- **What you should do**:
Type the data below again exactly. Omit all pictures.

- **Data extracted from a collection**:
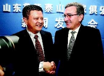 2009年12月16日,孙国宇(左)与鲁能泰山新帅伊万在新闻发布会上。(资料片) 本报记者 王鸿光 摄
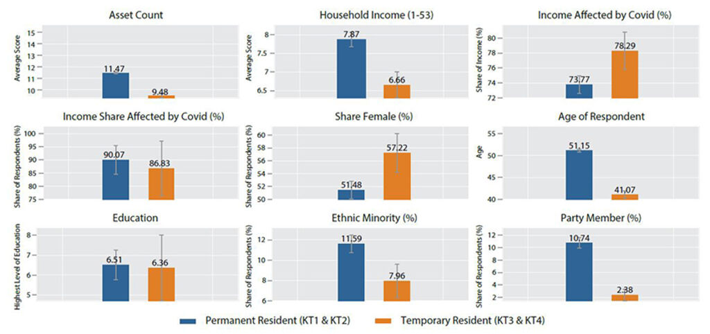 Findings from the 2022 survey show that, there are clear differences between the demographics of migrants and permanent residents, similar to findings in 2021.[5] As Figure 1 reveals, migrants tend to be poorer with fewer household assets and marginally less income than residents. They are younger on average, less educated and more likely to be women. Most dramatically, they are significantly less connected to people of political influence as only 2.4 percent are likely to be Party members, compared to 10.7 percent in the permanent resident sample.
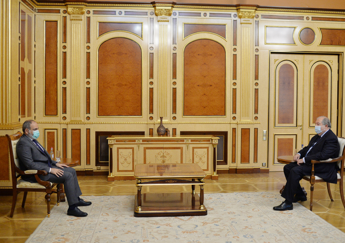По инициативе Саркисяна сегодня в резиденции президента состоялась рабочая встреча с исполняющим обязанности премьер-министра Николом Пашиняном. В ходе встречи были рассмотрены вопросы, связанные с ситуацией на армяно-азербайджанской границе, процессов вывода подразделений вооруженных сил Азербайджана, проникнувших на суверенную территорию Армении, а также шаги, направленные на недопущение посягательств на территориальную целостность Армении, — говорится в сообщении на сайте президента.
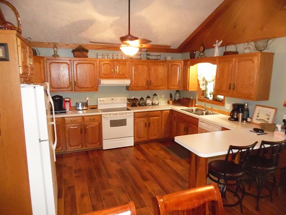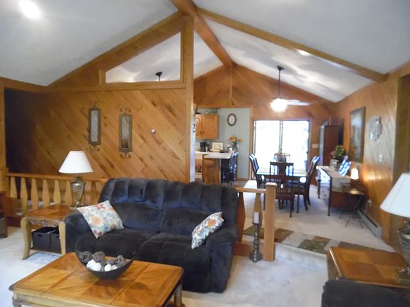 4 BR, 2 bath ranch home. Open floor plan with cathedral ceiling in the living room, dining room, & kitchen. Main level laundry & large master suite with 2 walk-in closets. Basement has plenty of storage, along with a large finished family/recreation room. 12x22' rear covered concrete porch. Updates include new flooring in the kitchen & baths, front & rear exterior doors, & bathtub in master bath. Full basement. Gas hot water baseboard heat
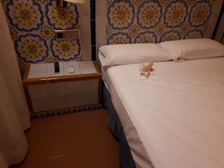 Das Bett war nur 140cm für die erwachsene Person it Kind. Zimmer so klein und roch muffig. Man musste die ganze Nacht Balkontür offen lassen, Klimaanlage einschalten und Ventilator. Zimmer veraltet...es war echt eine Zumutung.
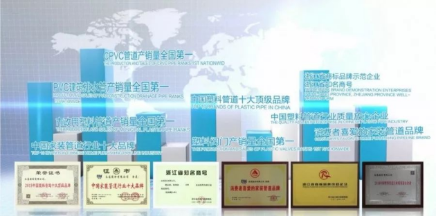 此外,还有“中国塑料管道行业最具影响力企业”“中国塑料管道行业质量放心企业”“中国塑料管道十大品牌”“海关AEO高级认证”……
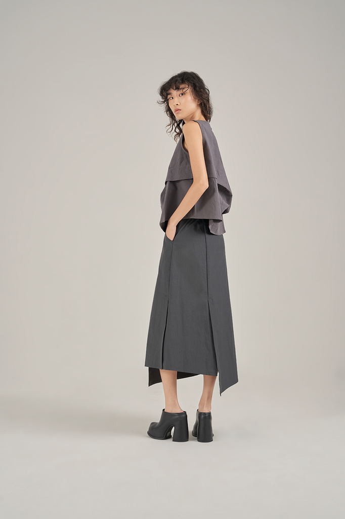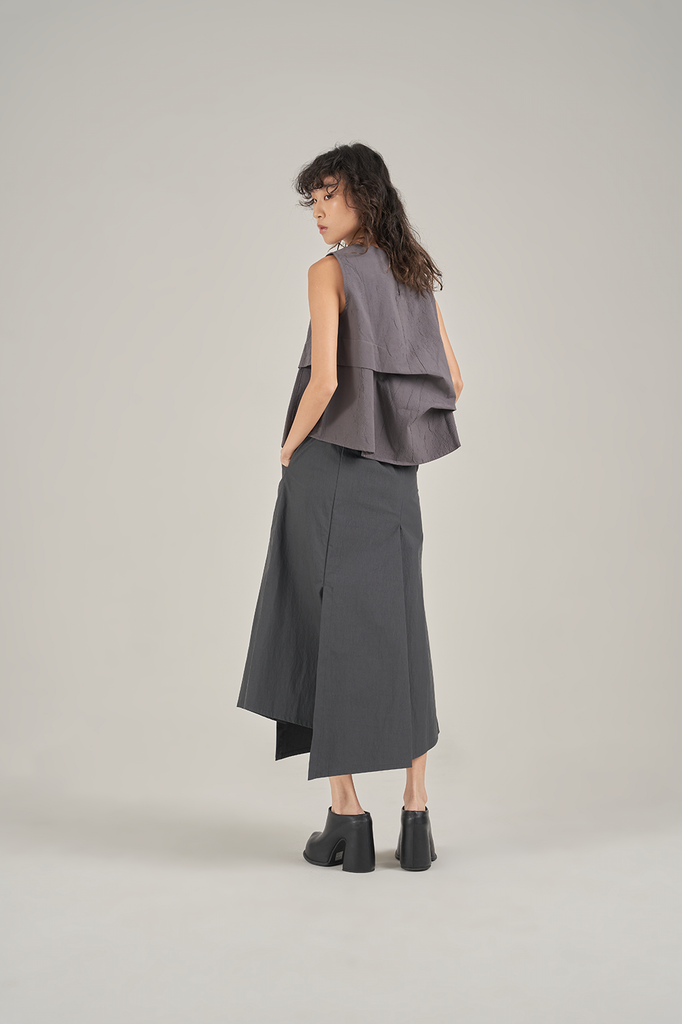Effortlessly chic with a touch of sculptural elegance, the Hera Top is crafted from 100% cotton with a textured finish for a refined yet breathable feel. Designed with a sleeveless silhouette and a classic round neckline, it features a folded pleat detail that creates a soft, organic shape. The flare cut adds fluidity and ease, making it a versatile piece for both casual and elevated styling.
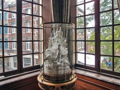 Арку украшают скульптуры Нептуна и двух рек — Шельды и Лис. Одно время в Рыбном доме размещалась больница, и каждый раз, когда на свет появлялся младенец, на арке зажигали огонь. Красивый обычай.
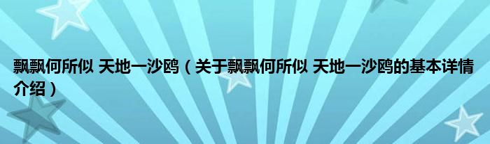 本文关于飘飘何所似 天地一沙鸥的基本详情介绍就讲解完毕,希望对大家有所帮助。
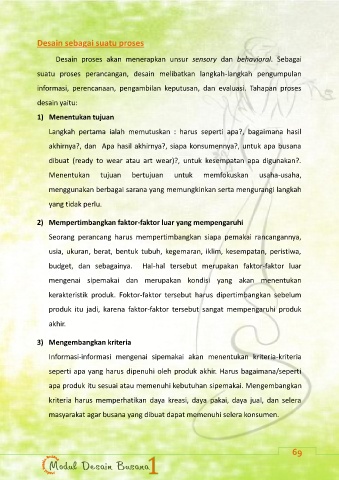 Desain proses akan menerapkan unsur sensory dan behavioral. Sebagai
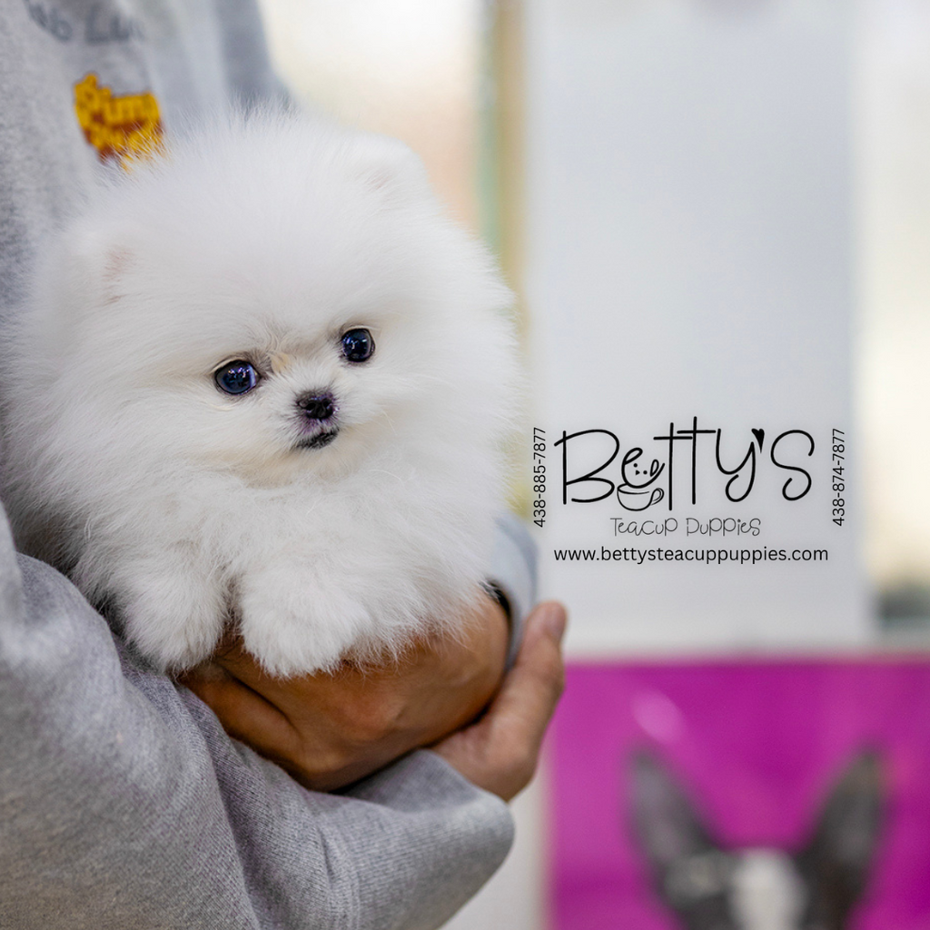 Description: Meet our beautiful female pom "Snowy " — She is available now @bettysteacuppuppies.
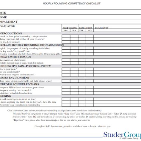 IYP - Download Studer Group Hourly Rounding Checklist PDF Library Genesis
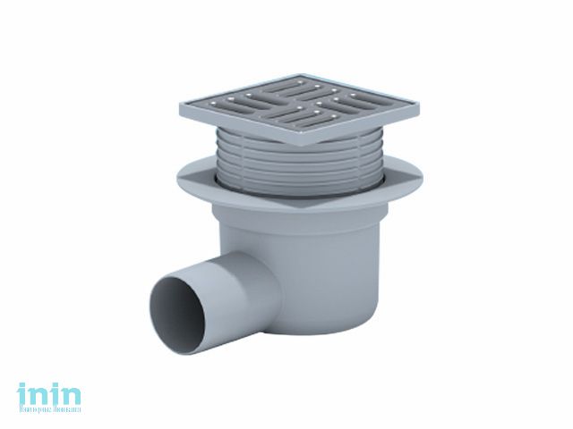 Сливной трап горизонтальный D 50, TA5602 решетка нерж. 100х100 мм, серый РосТурПласт (Трап пластиковый, решетка - нерж. сталь, 50 гор.)
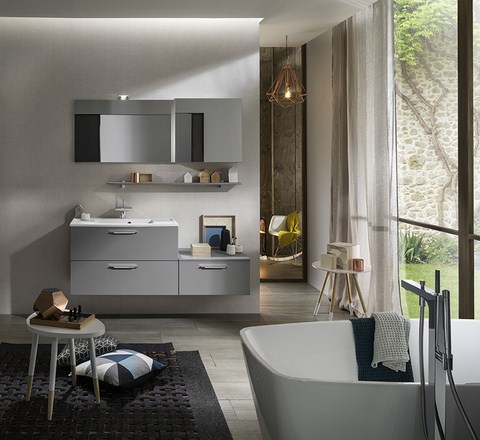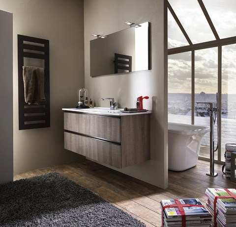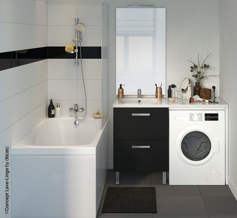 Dotez votre salle d'eau d'un lave linge avec notre concept 124 cm comprenant : Miroir Led
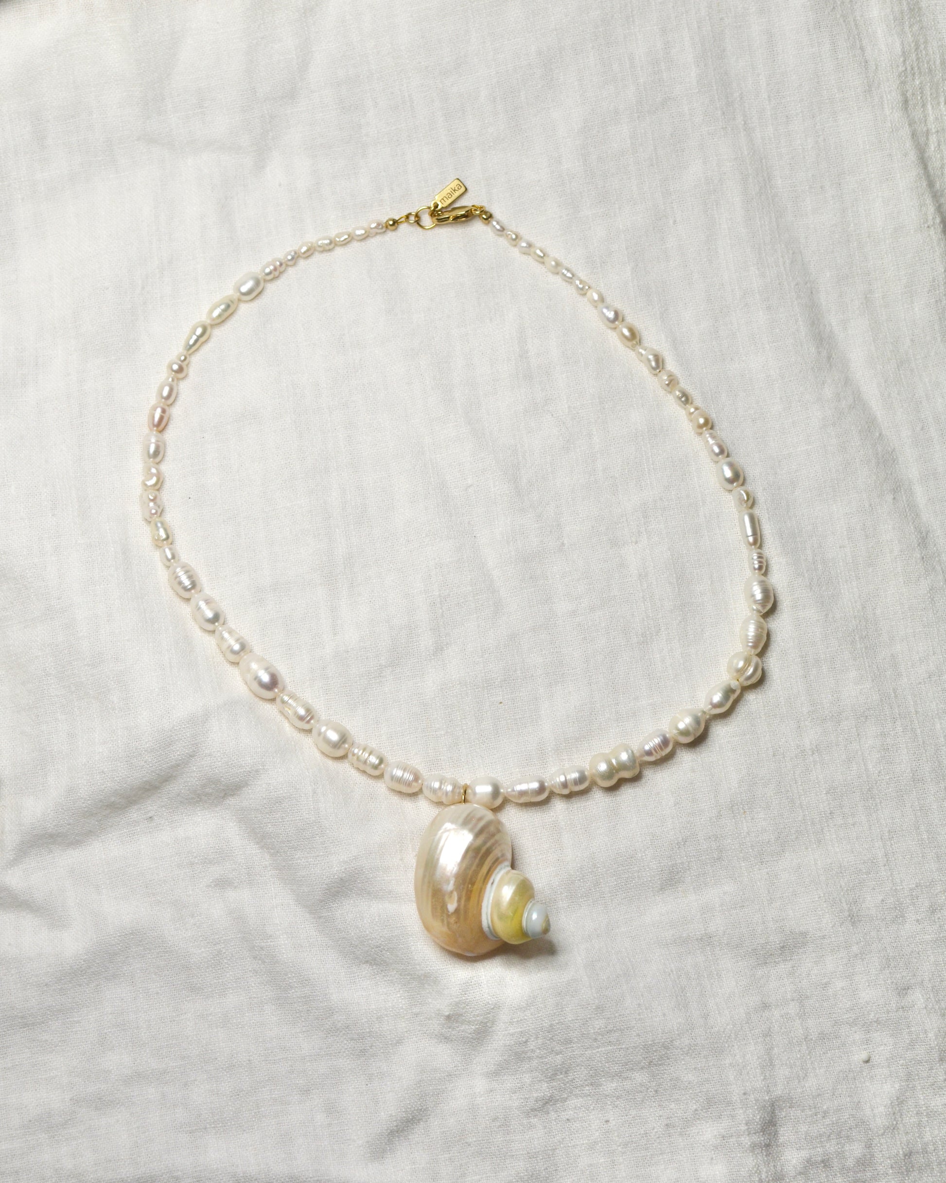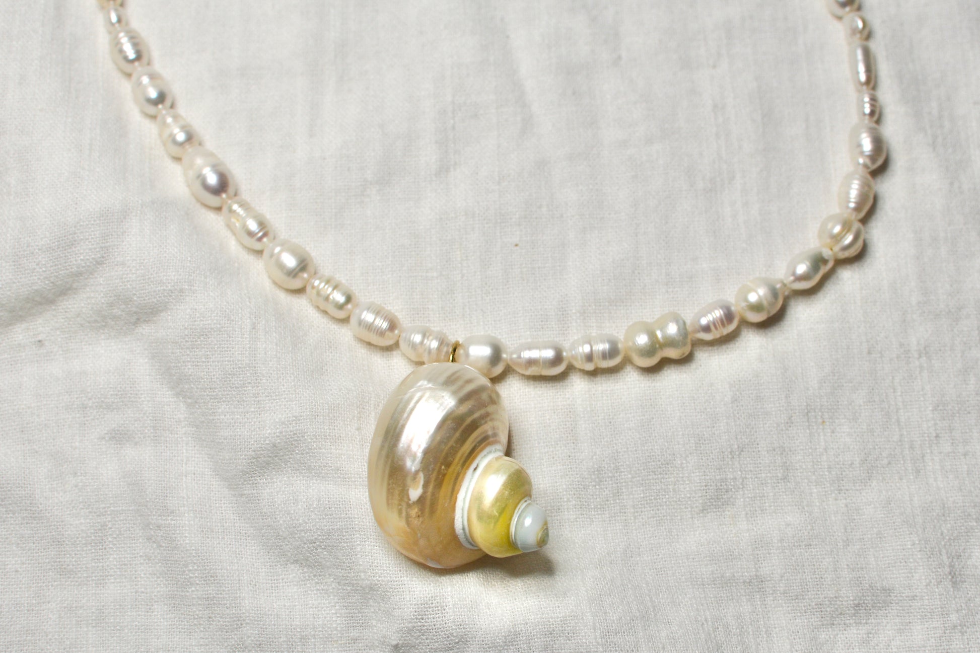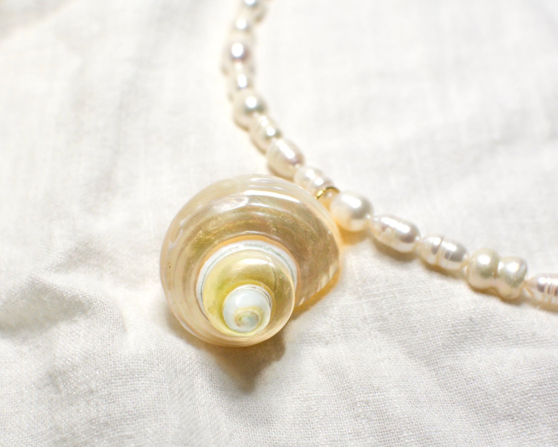 Collar hecho a mano con pelas naturales y dijes de caracol natural.
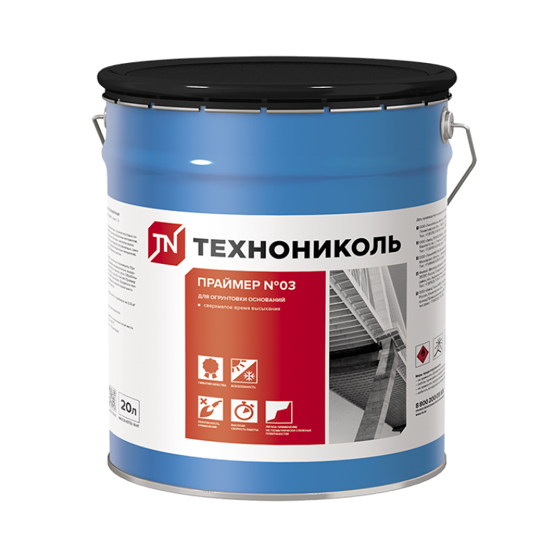 Праймер битумно-полимерный ТЕХНОНИКОЛЬ №03 представляет собой раствор нефтяного битума, полимеров и адгезионных добавок в органических растворителях.
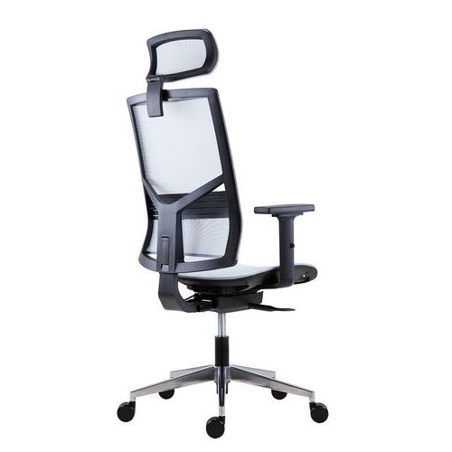Modern Omnia irodai szék szürke kivitelben, önhordó hálószövet borítással a háttámlán és az ülésen egyaránt. A székhez tartozik egy hálós fejtámla, amelynek magassága és dőlésszöge a felhasználó igényei szerint állítható. A háttámla magassága állítható, és a választott pozícióban rögzíthető. Az ülés elülső széle jelentősen lekerekített (az elülső szélén puha poliuretán bélés található). SYN-SL szinkronmechanizmus négyszeres rögzítéssel és automatikus ellensúly-beállítással. Az ülés mélysége az ülő igényei szerint állítható. A szék minőségi alumínium kereszttartón áll, 60 mm átmérőjű kerekekkel puha felületekhez. Teherbírása 150 kg.

- **Task answer**:
 2009年12月16日,孙国宇(左)与鲁能泰山新帅伊万在新闻发布会上。(资料片) 本报记者 王鸿光 摄
 Findings from the 2022 survey show that, there are clear differences between the demographics of migrants and permanent residents, similar to findings in 2021.[5] As Figure 1 reveals, migrants tend to be poorer with fewer household assets and marginally less income than residents. They are younger on average, less educated and more likely to be women. Most dramatically, they are significantly less connected to people of political influence as only 2.4 percent are likely to be Party members, compared to 10.7 percent in the permanent resident sample.
По инициативе Саркисяна сегодня в резиденции президента состоялась рабочая встреча с исполняющим обязанности премьер-министра Николом Пашиняном. В ходе встречи были рассмотрены вопросы, связанные с ситуацией на армяно-азербайджанской границе, процессов вывода подразделений вооруженных сил Азербайджана, проникнувших на суверенную территорию Армении, а также шаги, направленные на недопущение посягательств на территориальную целостность Армении, — говорится в сообщении на сайте президента.
 4 BR, 2 bath ranch home. Open floor plan with cathedral ceiling in the living room, dining room, & kitchen. Main level laundry & large master suite with 2 walk-in closets. Basement has plenty of storage, along with a large finished family/recreation room. 12x22' rear covered concrete porch. Updates include new flooring in the kitchen & baths, front & rear exterior doors, & bathtub in master bath. Full basement. Gas hot water baseboard heat
 Das Bett war nur 140cm für die erwachsene Person it Kind. Zimmer so klein und roch muffig. Man musste die ganze Nacht Balkontür offen lassen, Klimaanlage einschalten und Ventilator. Zimmer veraltet...es war echt eine Zumutung.
 此外,还有“中国塑料管道行业最具影响力企业”“中国塑料管道行业质量放心企业”“中国塑料管道十大品牌”“海关AEO高级认证”……
Effortlessly chic with a touch of sculptural elegance, the Hera Top is crafted from 100% cotton with a textured finish for a refined yet breathable feel. Designed with a sleeveless silhouette and a classic round neckline, it features a folded pleat detail that creates a soft, organic shape. The flare cut adds fluidity and ease, making it a versatile piece for both casual and elevated styling.
 Арку украшают скульптуры Нептуна и двух рек — Шельды и Лис. Одно время в Рыбном доме размещалась больница, и каждый раз, когда на свет появлялся младенец, на арке зажигали огонь. Красивый обычай.
 本文关于飘飘何所似 天地一沙鸥的基本详情介绍就讲解完毕,希望对大家有所帮助。
 Desain proses akan menerapkan unsur sensory dan behavioral. Sebagai
 Description: Meet our beautiful female pom "Snowy " — She is available now @bettysteacuppuppies.
 IYP - Download Studer Group Hourly Rounding Checklist PDF Library Genesis
 Сливной трап горизонтальный D 50, TA5602 решетка нерж. 100х100 мм, серый РосТурПласт (Трап пластиковый, решетка - нерж. сталь, 50 гор.)
 Dotez votre salle d'eau d'un lave linge avec notre concept 124 cm comprenant : Miroir Led
 Collar hecho a mano con pelas naturales y dijes de caracol natural.
 Праймер битумно-полимерный ТЕХНОНИКОЛЬ №03 представляет собой раствор нефтяного битума, полимеров и адгезионных добавок в органических растворителях.
Modern Omnia irodai szék szürke kivitelben, önhordó hálószövet borítással a háttámlán és az ülésen egyaránt. A székhez tartozik egy hálós fejtámla, amelynek magassága és dőlésszöge a felhasználó igényei szerint állítható. A háttámla magassága állítható, és a választott pozícióban rögzíthető. Az ülés elülső széle jelentősen lekerekített (az elülső szélén puha poliuretán bélés található). SYN-SL szinkronmechanizmus négyszeres rögzítéssel és automatikus ellensúly-beállítással. Az ülés mélysége az ülő igényei szerint állítható. A szék minőségi alumínium kereszttartón áll, 60 mm átmérőjű kerekekkel puha felületekhez. Teherbírása 150 kg.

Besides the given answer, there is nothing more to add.